**Problem to work on**
Each line below needs to be repeated precisely as it is.

**Data below**
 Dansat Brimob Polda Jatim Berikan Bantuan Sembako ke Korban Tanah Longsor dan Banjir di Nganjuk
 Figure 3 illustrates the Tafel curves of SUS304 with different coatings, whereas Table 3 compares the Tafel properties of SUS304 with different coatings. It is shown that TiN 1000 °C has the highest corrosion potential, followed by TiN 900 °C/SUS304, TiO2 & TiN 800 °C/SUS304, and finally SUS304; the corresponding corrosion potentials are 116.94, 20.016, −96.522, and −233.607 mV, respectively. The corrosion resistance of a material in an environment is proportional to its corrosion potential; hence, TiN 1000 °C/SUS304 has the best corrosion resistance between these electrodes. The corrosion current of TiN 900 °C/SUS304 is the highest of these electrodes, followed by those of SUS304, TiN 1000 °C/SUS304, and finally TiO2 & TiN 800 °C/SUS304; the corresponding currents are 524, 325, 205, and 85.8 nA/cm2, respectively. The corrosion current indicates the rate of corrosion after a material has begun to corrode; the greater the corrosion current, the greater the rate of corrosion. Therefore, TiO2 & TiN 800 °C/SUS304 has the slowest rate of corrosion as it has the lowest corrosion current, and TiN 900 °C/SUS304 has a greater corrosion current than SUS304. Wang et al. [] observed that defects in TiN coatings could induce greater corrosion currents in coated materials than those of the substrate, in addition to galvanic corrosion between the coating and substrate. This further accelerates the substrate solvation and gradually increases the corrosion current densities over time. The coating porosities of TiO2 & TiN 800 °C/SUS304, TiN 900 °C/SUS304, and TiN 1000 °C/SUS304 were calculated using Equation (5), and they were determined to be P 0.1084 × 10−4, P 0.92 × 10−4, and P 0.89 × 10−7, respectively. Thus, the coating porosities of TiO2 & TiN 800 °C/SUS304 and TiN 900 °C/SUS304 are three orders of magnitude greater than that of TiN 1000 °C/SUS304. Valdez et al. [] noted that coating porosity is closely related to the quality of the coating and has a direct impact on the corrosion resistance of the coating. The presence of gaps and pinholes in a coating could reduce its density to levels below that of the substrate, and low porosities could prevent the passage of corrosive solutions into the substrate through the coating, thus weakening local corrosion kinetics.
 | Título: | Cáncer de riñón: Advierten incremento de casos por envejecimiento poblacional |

**Solution for this task**
 Dansat Brimob Polda Jatim Berikan Bantuan Sembako ke Korban Tanah Longsor dan Banjir di Nganjuk
 Figure 3 illustrates the Tafel curves of SUS304 with different coatings, whereas Table 3 compares the Tafel properties of SUS304 with different coatings. It is shown that TiN 1000 °C has the highest corrosion potential, followed by TiN 900 °C/SUS304, TiO2 & TiN 800 °C/SUS304, and finally SUS304; the corresponding corrosion potentials are 116.94, 20.016, −96.522, and −233.607 mV, respectively. The corrosion resistance of a material in an environment is proportional to its corrosion potential; hence, TiN 1000 °C/SUS304 has the best corrosion resistance between these electrodes. The corrosion current of TiN 900 °C/SUS304 is the highest of these electrodes, followed by those of SUS304, TiN 1000 °C/SUS304, and finally TiO2 & TiN 800 °C/SUS304; the corresponding currents are 524, 325, 205, and 85.8 nA/cm2, respectively. The corrosion current indicates the rate of corrosion after a material has begun to corrode; the greater the corrosion current, the greater the rate of corrosion. Therefore, TiO2 & TiN 800 °C/SUS304 has the slowest rate of corrosion as it has the lowest corrosion current, and TiN 900 °C/SUS304 has a greater corrosion current than SUS304. Wang et al. [] observed that defects in TiN coatings could induce greater corrosion currents in coated materials than those of the substrate, in addition to galvanic corrosion between the coating and substrate. This further accelerates the substrate solvation and gradually increases the corrosion current densities over time. The coating porosities of TiO2 & TiN 800 °C/SUS304, TiN 900 °C/SUS304, and TiN 1000 °C/SUS304 were calculated using Equation (5), and they were determined to be P 0.1084 × 10−4, P 0.92 × 10−4, and P 0.89 × 10−7, respectively. Thus, the coating porosities of TiO2 & TiN 800 °C/SUS304 and TiN 900 °C/SUS304 are three orders of magnitude greater than that of TiN 1000 °C/SUS304. Valdez et al. [] noted that coating porosity is closely related to the quality of the coating and has a direct impact on the corrosion resistance of the coating. The presence of gaps and pinholes in a coating could reduce its density to levels below that of the substrate, and low porosities could prevent the passage of corrosive solutions into the substrate through the coating, thus weakening local corrosion kinetics.
 | Título: | Cáncer de riñón: Advierten incremento de casos por envejecimiento poblacional |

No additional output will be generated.